Anyway, instead of harping on self-righteous ignorance, I’m just going to do what I do best. Focus on the beauty. Focus on all that in which makes my heart at peace. Two horses standing on the side of the road, minding their own business. Now provided, this is not an everyday occurrence unless you are somewhere the wild horses run free….still, knowing that there is still good and innocence. Knowing that there is still peace and a place that I truly can be myself….that is what keeps me complete. That sounds strange, I know.
We should be able to truly be ourselves no matter where we are. We should always feel complete, but most of us rarely feel 100%. Still, neither of these should really be an issue, but I’ve learned since moving to this state that I wish I had not…I have to fight a little harder to do that. People always seem to want to test us. Or it is the powers that be. Either way…it has been a challenge. Soapbox, soapbox, soapbox, my apologies. My point is, between all that I doubt. My skills, my place, myself….it is nice to have a reminder that I’ve got this.
Montana Rose Photography
I am not really posting these pictures to show off my mad photography skills, which seemed to be a little lack luster over the weekend. I am posting this particular set of photos, because they symbolize the end of a chapter. That might actually be giving them too much credit. Still, they are from a chapter that officially ended last week and as I’ve been attempting to close some other chapters that are long over due on the closing level…today they symbolize the end of a chapter….hopefully, many chapters.
These photos are from the photo shoot that I did a few weeks ago. Most of my followers know what kind of experience that ended up being. I’m not bitter about it. It ended up being a lesson in things that I had long tried to ignore and a lesson in things that I hadn’t given much thought to. I always try to be the utmost accommodating and continuously giving people the benefit of the doubt. Unfortunately, that is often misplaced and ends up scuffing my boots. Not to mention that some things just should not be that difficult.

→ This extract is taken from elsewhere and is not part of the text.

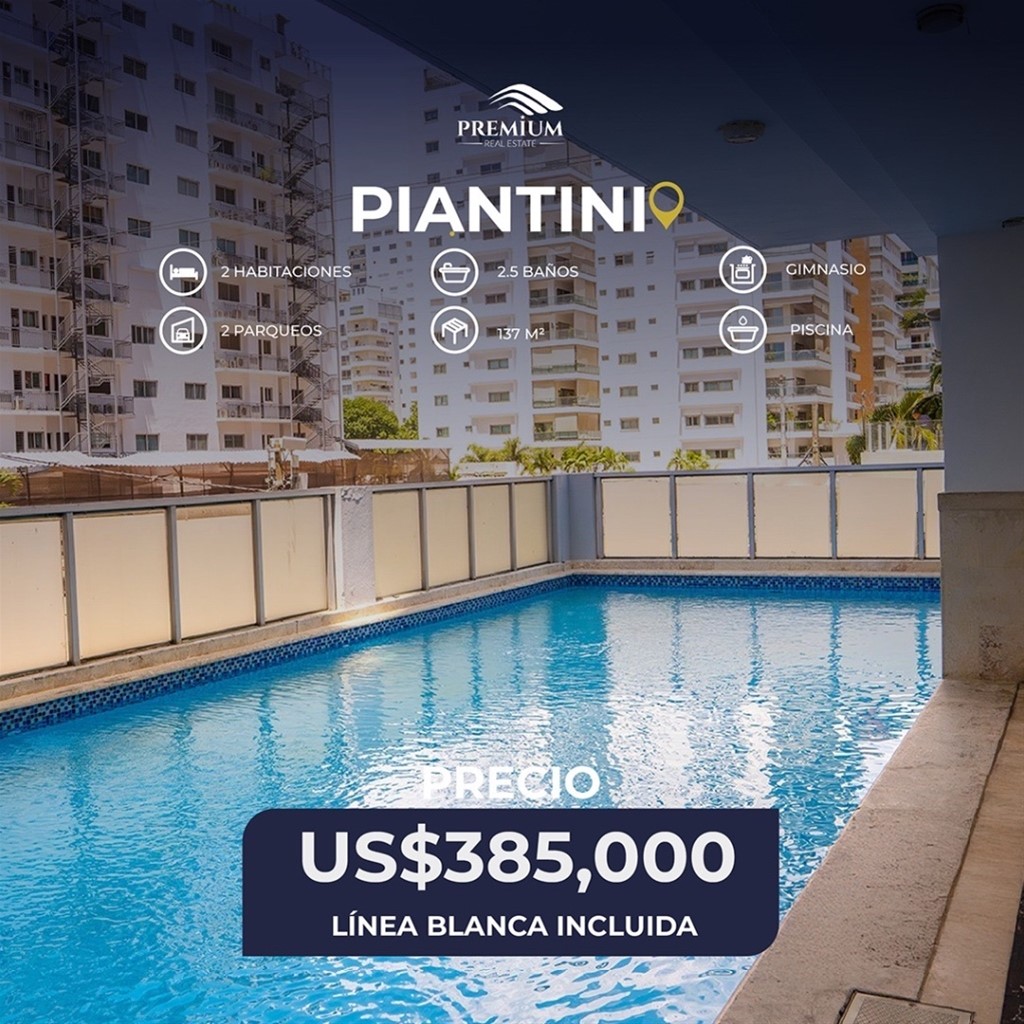 Apartamento en venta, ubicado en Piantini Piso 14 137 mts 2 Habitaciones 2.5 Baños Sala Comedor Cocina Estar Balcón tipo terraza Cuarto de servicio con su baño Área de Lavado 2 Parqueos Torre con áreas sociales: Kitchenette Piscina Jacuzzi Gimnasio Sauna caballeros Sauna para damas Lobby 4 Ascensores Venta: US$385,000 (Línea Blanca incluida)

These will be the only photos from that shoot that I post. Not that the others were terrible, but that it is a chapter that is closed and I’m better off for it. Some people just do not like realizing that they are not going to be able to play games to get what they want. Terms were set and the end result was her going with another photographer for future endeavors. I’m good with that.
Taking a stand and learning how passionate I was about my photography….it sparked something that inspired me to start working on other chapters of my life that had been open for way, way too long. First loves die-hard and that is all that I will say about that.
So, I forgot where I was going with all that. Train of thought has derailed. It has been a stressful morning already as I should actually be working at my “actually pays the bills job”, but cannot due to system issues and waiting on IT to get back to me. Another chapter of my life that is way past its prime. Anyway, I don’t know what tomorrow brings. I guess we never truly do on the deeper sense of things. I mean we know the set in stone parts of our days. The getting up, going to work, clocking out, coming home, and doing whatever we need to do then. We just do not know what little surprises the day has in store for us. For the most part, I’m good with that.
Still, one thing I need to post on my fridge….closing chapters really is a good thing sometimes. It is also highly, highly recommended on occasion. We cannot start a new chapter if we haven’t finished the last. I am pretty sure that everyone knows that, but sometimes I’m a little slower than the rest. I like things on my terms and I’m as stubborn as an old bull sitting out in pasture when it comes to change sometimes. I come to graze when I want to.